START Data extract

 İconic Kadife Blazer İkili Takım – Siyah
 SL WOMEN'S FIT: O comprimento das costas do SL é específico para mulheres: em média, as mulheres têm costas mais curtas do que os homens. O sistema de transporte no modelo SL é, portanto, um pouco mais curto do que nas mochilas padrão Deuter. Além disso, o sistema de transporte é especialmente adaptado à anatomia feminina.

END Data extract
START Data extract

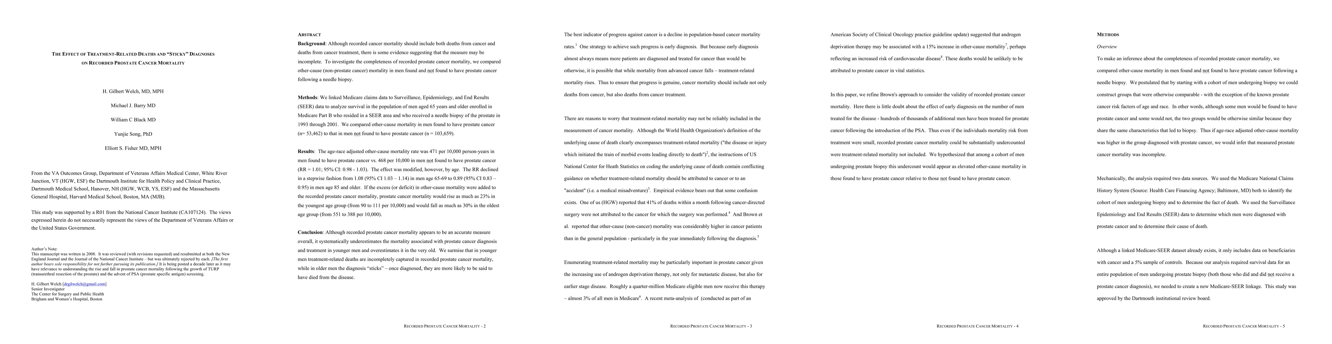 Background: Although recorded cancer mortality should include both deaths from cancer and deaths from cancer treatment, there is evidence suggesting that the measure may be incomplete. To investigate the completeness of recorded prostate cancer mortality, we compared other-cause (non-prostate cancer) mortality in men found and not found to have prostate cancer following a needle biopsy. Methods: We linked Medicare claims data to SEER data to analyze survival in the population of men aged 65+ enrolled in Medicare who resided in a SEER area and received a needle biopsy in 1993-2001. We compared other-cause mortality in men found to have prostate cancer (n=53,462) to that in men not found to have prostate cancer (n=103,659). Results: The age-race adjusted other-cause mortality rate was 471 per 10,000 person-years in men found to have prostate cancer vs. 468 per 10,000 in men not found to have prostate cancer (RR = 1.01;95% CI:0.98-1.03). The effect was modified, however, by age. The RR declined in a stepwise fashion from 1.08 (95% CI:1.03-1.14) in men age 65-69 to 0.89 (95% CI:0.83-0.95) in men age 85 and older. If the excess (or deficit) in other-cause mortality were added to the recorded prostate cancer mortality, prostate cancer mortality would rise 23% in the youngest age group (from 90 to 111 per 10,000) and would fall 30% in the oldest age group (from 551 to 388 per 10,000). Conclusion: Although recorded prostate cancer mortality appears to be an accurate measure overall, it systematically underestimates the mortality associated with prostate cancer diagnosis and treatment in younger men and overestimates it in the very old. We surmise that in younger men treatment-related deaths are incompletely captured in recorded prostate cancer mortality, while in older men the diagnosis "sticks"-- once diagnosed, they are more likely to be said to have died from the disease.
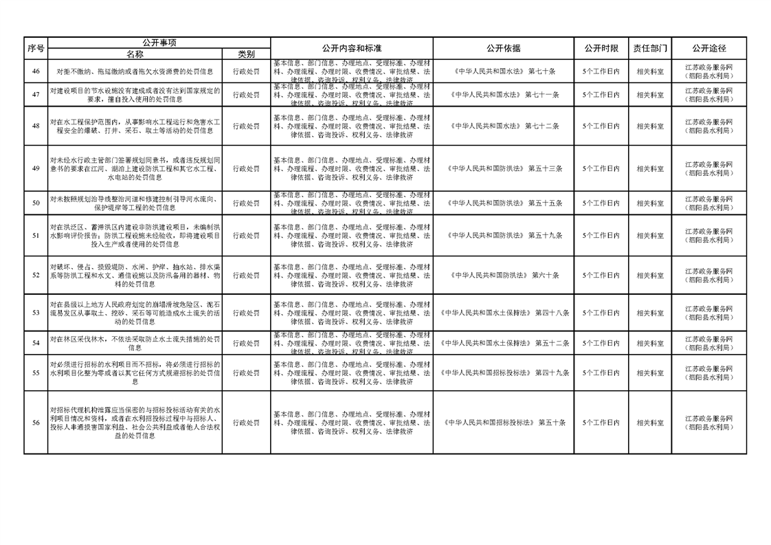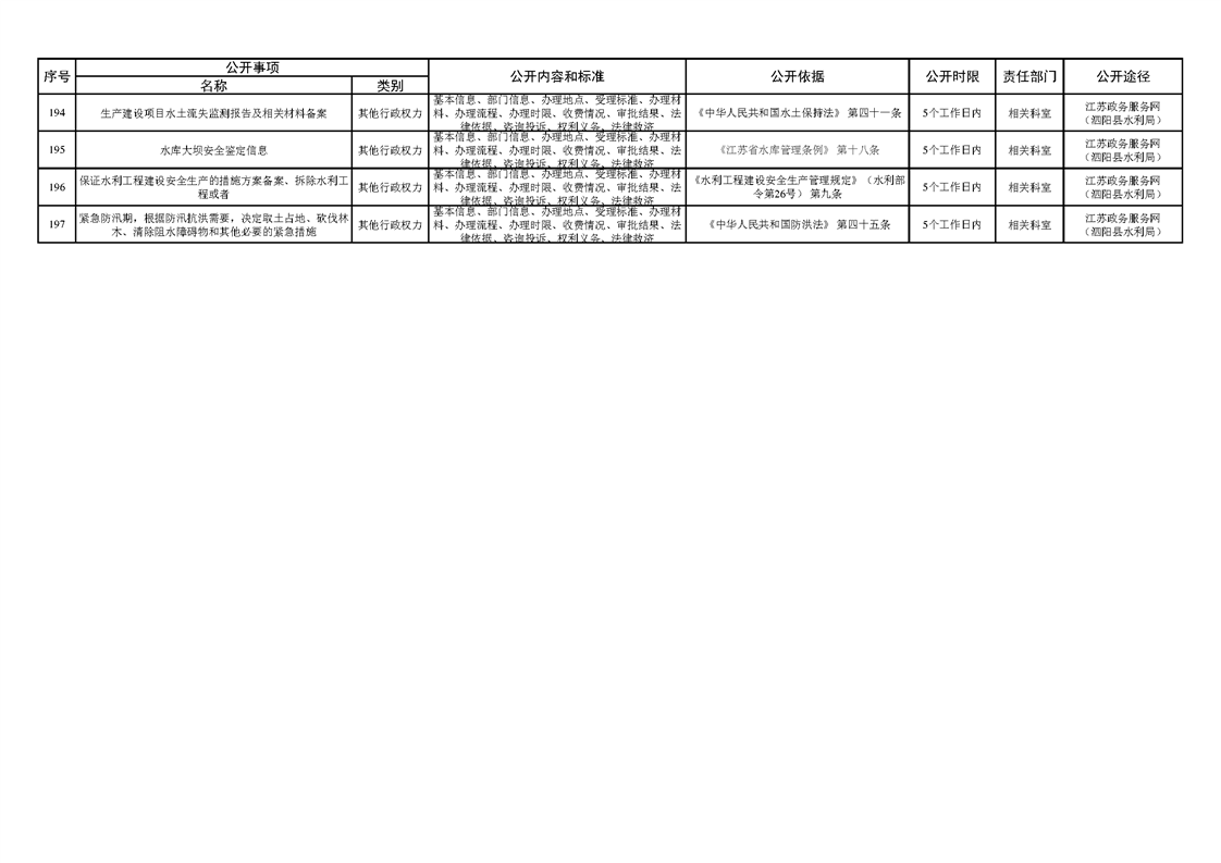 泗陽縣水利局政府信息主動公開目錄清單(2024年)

END Data extract
START Data extract

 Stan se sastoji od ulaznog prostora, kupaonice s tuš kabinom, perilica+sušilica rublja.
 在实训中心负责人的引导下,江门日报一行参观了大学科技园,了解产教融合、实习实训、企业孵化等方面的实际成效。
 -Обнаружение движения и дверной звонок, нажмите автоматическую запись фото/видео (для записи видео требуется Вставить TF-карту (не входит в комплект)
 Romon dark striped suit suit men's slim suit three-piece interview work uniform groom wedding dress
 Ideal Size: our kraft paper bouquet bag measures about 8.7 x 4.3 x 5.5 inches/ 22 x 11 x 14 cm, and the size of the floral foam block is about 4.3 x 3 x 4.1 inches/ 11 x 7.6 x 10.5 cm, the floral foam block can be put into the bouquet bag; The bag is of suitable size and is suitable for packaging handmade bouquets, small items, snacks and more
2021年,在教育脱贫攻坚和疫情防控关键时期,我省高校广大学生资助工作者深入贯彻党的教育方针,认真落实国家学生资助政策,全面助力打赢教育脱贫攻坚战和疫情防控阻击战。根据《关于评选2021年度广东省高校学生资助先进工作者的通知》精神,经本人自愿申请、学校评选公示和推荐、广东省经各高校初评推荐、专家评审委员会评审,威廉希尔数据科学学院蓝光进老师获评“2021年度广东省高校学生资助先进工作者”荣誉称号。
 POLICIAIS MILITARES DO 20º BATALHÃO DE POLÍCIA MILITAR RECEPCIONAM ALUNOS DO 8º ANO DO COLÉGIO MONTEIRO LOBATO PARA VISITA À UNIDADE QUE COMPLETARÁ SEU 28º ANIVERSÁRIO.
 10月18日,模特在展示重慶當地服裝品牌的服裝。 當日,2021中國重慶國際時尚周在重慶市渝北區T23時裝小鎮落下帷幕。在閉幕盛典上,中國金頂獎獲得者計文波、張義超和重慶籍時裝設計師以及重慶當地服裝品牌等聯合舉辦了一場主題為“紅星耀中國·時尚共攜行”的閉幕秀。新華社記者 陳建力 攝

END Data extract

Task requirements =>
In the entries above, find the line holding "İconic Kadife Blazer İkili Takım – Siyah" and the line holding "SL WOMEN'S FIT: O", then retype exactly those two lines and every line between them, and nothing else.

Solution =>
 İconic Kadife Blazer İkili Takım – Siyah
 SL WOMEN'S FIT: O comprimento das costas do SL é específico para mulheres: em média, as mulheres têm costas mais curtas do que os homens. O sistema de transporte no modelo SL é, portanto, um pouco mais curto do que nas mochilas padrão Deuter. Além disso, o sistema de transporte é especialmente adaptado à anatomia feminina.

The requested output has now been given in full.